Hingga sekarang masyarakat Kudus masih menghormati larangan itu, meski sebagian besar masyarakatnya sudah beragama Islam. Hal ini mereka lakukan untuk melestarikan pesan yang tersirat dari larangan tersebut.
Bayangkan seandainya fatwa Sunan Kudus bukan seperti itu, tapi misalnya karena Nabi menyembelih unta, maka kurban harus berupa unta. Tentu ini sulit mencari unta di tanah Jawa. Itulah sebabnya para ulama fiqh telah menetapkan hadyu itu berupa hewan ternak (bahimatul an’am). Ini tentu memudahkan buat kita yang berada di luar Arab. Unta bisa diganti dengan sapi atau kerbau.

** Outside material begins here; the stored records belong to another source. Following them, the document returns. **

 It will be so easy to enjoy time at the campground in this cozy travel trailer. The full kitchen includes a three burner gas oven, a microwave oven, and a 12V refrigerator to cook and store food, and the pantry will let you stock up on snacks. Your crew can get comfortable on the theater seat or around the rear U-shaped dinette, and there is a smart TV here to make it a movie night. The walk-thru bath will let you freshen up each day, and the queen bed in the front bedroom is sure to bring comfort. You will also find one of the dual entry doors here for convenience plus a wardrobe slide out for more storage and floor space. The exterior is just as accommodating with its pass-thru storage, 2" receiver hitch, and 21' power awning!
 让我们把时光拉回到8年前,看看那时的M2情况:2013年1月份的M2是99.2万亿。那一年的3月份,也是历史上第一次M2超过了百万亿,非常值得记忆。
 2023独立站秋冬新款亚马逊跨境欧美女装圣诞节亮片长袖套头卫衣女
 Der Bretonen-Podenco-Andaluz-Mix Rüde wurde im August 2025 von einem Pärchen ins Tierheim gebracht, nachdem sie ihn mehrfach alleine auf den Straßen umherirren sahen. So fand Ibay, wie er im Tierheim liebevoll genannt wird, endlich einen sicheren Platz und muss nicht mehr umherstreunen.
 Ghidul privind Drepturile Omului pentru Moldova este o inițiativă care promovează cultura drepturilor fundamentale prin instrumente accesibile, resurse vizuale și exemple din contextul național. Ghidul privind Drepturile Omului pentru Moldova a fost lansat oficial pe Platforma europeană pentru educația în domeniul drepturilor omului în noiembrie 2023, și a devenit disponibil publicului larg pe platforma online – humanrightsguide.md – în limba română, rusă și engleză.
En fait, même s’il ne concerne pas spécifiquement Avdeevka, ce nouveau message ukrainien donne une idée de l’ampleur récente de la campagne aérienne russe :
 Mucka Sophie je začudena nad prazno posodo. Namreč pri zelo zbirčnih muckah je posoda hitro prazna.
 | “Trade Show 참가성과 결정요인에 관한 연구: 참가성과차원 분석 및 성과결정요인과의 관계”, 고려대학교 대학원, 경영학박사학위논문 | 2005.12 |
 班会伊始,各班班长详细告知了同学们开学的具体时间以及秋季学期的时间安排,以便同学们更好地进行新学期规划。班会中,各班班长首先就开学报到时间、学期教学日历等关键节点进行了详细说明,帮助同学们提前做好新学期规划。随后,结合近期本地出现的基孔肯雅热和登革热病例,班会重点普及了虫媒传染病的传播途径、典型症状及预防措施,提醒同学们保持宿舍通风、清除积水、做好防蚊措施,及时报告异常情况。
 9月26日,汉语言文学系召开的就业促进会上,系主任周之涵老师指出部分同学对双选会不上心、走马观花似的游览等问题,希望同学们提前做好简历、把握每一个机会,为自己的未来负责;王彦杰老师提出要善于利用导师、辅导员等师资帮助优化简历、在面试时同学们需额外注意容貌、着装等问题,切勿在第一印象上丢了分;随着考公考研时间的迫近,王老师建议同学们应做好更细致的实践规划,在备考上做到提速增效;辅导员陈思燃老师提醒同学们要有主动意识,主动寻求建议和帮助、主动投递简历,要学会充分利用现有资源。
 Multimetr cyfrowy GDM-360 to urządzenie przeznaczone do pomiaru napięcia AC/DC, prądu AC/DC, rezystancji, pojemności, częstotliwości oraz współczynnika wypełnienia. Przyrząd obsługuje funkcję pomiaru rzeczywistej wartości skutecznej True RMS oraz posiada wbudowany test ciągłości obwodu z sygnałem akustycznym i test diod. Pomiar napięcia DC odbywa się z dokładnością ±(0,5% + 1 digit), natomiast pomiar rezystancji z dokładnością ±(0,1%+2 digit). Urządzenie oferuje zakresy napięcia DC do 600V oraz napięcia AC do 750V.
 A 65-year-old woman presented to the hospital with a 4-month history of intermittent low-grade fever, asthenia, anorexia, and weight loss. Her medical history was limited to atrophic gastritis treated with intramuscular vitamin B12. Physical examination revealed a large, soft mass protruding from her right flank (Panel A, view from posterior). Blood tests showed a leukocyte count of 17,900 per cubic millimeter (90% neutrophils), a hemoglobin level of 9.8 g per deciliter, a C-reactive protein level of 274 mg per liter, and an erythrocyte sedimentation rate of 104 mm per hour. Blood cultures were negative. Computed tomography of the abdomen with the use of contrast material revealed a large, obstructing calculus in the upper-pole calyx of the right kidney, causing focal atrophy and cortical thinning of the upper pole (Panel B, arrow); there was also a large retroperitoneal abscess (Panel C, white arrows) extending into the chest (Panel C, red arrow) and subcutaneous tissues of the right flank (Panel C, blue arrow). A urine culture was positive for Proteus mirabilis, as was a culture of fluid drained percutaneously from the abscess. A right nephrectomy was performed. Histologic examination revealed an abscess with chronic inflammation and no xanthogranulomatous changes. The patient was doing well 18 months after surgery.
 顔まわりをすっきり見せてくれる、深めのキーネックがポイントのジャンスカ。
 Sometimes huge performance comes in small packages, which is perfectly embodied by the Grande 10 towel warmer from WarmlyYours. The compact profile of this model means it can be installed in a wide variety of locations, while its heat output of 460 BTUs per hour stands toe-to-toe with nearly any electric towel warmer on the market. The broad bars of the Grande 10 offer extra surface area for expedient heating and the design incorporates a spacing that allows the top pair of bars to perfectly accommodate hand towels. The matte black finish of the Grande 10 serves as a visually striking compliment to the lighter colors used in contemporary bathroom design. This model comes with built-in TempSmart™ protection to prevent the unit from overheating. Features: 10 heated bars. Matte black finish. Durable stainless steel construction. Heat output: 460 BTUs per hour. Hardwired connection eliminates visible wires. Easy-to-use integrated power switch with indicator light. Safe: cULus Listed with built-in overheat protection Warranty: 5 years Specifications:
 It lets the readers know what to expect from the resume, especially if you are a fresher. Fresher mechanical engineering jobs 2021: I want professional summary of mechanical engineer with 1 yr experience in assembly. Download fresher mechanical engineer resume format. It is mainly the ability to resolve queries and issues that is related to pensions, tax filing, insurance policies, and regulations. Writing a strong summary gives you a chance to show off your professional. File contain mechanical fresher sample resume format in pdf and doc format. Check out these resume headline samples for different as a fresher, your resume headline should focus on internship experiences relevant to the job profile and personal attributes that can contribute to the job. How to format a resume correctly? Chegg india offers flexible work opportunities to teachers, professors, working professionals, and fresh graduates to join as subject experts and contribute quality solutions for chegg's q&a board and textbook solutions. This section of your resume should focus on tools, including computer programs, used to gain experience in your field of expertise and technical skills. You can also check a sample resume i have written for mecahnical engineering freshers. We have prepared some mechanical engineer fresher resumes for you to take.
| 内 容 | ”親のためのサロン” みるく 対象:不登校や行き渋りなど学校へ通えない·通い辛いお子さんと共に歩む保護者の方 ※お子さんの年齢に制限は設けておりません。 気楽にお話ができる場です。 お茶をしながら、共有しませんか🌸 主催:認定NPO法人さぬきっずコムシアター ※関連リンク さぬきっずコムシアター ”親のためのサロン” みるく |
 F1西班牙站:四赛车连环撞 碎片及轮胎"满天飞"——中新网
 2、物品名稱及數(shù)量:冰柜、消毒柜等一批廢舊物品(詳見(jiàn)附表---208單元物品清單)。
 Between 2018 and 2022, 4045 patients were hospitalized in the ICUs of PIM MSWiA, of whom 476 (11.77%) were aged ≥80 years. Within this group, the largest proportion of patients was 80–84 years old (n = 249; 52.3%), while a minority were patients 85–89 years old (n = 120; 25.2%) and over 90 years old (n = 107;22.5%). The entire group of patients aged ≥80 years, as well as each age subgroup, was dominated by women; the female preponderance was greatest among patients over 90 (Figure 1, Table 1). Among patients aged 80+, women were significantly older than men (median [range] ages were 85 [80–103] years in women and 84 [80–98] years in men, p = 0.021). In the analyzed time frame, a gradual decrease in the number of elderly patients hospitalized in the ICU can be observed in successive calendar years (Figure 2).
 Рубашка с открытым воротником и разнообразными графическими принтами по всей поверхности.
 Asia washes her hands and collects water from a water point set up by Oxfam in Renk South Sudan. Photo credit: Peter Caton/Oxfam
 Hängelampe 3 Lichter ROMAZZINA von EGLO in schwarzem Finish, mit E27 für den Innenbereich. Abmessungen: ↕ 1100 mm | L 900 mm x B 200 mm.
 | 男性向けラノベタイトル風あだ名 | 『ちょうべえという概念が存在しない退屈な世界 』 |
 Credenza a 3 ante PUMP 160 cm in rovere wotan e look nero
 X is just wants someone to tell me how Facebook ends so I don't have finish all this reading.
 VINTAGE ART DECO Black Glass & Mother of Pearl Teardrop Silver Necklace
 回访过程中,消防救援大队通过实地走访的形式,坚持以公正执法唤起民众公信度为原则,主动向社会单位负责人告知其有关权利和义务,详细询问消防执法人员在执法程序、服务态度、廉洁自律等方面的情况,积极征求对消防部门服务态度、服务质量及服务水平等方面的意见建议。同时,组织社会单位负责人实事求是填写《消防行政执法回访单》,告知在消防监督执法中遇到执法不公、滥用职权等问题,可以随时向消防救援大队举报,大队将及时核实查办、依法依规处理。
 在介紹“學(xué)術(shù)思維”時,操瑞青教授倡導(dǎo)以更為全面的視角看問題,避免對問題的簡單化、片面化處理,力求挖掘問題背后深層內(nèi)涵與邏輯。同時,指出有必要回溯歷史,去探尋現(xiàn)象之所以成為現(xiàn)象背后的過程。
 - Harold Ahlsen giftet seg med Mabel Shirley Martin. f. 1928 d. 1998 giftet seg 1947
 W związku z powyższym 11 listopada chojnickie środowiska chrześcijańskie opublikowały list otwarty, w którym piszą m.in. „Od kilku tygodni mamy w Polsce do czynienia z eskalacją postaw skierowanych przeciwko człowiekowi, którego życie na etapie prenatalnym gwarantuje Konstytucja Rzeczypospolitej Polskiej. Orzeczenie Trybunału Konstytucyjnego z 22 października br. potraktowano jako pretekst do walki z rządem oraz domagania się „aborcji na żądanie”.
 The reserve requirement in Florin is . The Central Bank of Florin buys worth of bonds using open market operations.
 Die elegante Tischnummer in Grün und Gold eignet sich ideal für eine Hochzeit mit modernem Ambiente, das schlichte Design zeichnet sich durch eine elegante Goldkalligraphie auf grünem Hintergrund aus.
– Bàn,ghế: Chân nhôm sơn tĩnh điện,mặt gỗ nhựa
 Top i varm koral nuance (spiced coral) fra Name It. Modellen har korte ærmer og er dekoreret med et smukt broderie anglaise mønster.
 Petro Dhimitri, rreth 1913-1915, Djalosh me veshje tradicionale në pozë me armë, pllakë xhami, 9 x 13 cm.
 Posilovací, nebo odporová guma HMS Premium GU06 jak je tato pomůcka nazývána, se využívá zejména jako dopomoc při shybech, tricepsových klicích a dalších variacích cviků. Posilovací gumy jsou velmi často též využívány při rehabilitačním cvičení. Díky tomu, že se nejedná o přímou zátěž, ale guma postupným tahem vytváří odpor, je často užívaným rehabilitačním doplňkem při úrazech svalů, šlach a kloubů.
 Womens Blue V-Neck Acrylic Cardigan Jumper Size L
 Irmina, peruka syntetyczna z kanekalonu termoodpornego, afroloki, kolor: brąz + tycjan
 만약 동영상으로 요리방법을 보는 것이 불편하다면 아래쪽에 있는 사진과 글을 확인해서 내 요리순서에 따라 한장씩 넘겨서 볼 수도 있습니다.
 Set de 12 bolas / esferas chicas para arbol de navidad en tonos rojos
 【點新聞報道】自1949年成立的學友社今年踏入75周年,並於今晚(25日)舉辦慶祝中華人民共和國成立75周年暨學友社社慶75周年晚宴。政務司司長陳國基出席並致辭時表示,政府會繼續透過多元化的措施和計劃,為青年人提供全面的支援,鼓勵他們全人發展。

Kambing Jawa atau sapi Madura, meski belum pernah ke Arab, hukumnya sah sebagai hewan kurban. Sekali lagi, yang sampai kepada Allah bukan darah dan daging hewan kurban, tetapi ketakwaan kita.
Apa yang dilakukan oleh ulama Nusantara itu persis mengikuti metode dakwah yang digariskan oleh al-Qur’an: melanjutkan tradisi yang baik dari para orang baik sebelum kita, pada saat yang sama memilah-milah mana tradisi yang harus dibenahi dan didakwahi dengan lemah lembut, dan mana yang nyata-nyata harus ditinggalkan, dan bisa juga mana hal-hal baru yang lebih baik yang bisa kita pelajari dan kita amalkan.
Selamat menjalankan tradisi yang baik dalam perayaan Idul Adha, sebagaimana Hadits Nabi SAW mengingatkan kita untuk mengerjakan dan melanjutkan tradisi yang baik:
مَنْ سَنَّ فِي اْلإِسْلاَمِ سُنَّةً حَسَنَةً فَلَهُ أَجْرُهَا وَأَجْرُ مَنْ عَمِلَ بِهَا بَعْدَهُ، مِنْ غَيْرِ أَنْ يَنْقُصَ مِنْ أُجُوْرِهِمْ شَيْءٌ
“Barangsiapa yang mengerjakan dalam Islam tradisi yang baik, maka ia mendapat pahalanya dan pahala orang yang mengkutinya tanpa mengurangi pahala orang yang mengikutinya sedikitpun.” (HR Muslim)
Semoga Allah menerima amalan jamaah haji dan ibadah kurban yang kita lakukan dalam rangka melanjutkan tradisi Nabi Ibrahim dan Nabi Muhammad. Allahumma shalli ‘ala Sayyidina Muhammad kama shalayta ‘ala Sayyidina Ibrahim. Taqabalallahu minna wa minkum, taqabbal ya karim.